At EZA, before releasing the finishing over a waterproofed slab, we perform the watertightness test: seal everything, leave the water standing and monitor it. It takes time, but it ensures the waterproofing is really working, before plaster and paint go in.
A leak discovered once the house is finished means breaking into new finishes to find the source. It is the kind of headache that a well-done test at the right time prevents.

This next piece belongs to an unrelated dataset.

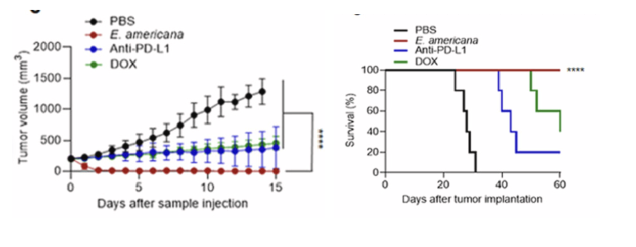 No tumor growth in the E. americana-injected mice (left graph, red line) and 100% survival rate (right graph, red line). Again, no toxicity or adverse effects on major organ systems.

Exposed or concealed roof, what defines the result is not the choice itself, it is the quality of the project and the execution. A contemporary parapet-wall house with well-resolved drainage lasts just as long as a well-made traditional roof. For over 35 years, EZA Engenharia has been building high-end houses in Criciúma and the region, taking care of the details that no one sees from the street. If you are facing this decision, reach out to us on WhatsApp (48) 99191-2018, send an email to [email protected] or discover the projects at eza.com.br. We help you choose the right system for your project and for the climate here.
Frequently asked questions
Does a house with a parapet get more leaks?
Well designed and well executed, no. The risk isn't in the parapet itself, it's in an undersized gutter, poorly done waterproofing and a drain that isn't cleaned. With a correct drainage design, a watertightness test before finishing and maintenance kept up to date, the system is safe even in the rainy southern climate.
Which is cheaper: an exposed roof or a concealed one?
It depends on the project. The exposed option spends more on structure and roof tiles; the concealed one spends more on the slab, waterproofing and finishing. Instead of assuming one is cheaper, ask for a costed comparison for your project and factor in the maintenance of the following years.
Does metal roofing suit a high-end house?
It fits. It's lightweight, allows low slopes and enables contemporary designs that clay tiles can't achieve. Casa Bloco, a project EZA built in Criciúma with a design by ES Arquitetura, uses metal roofing and received international recognition.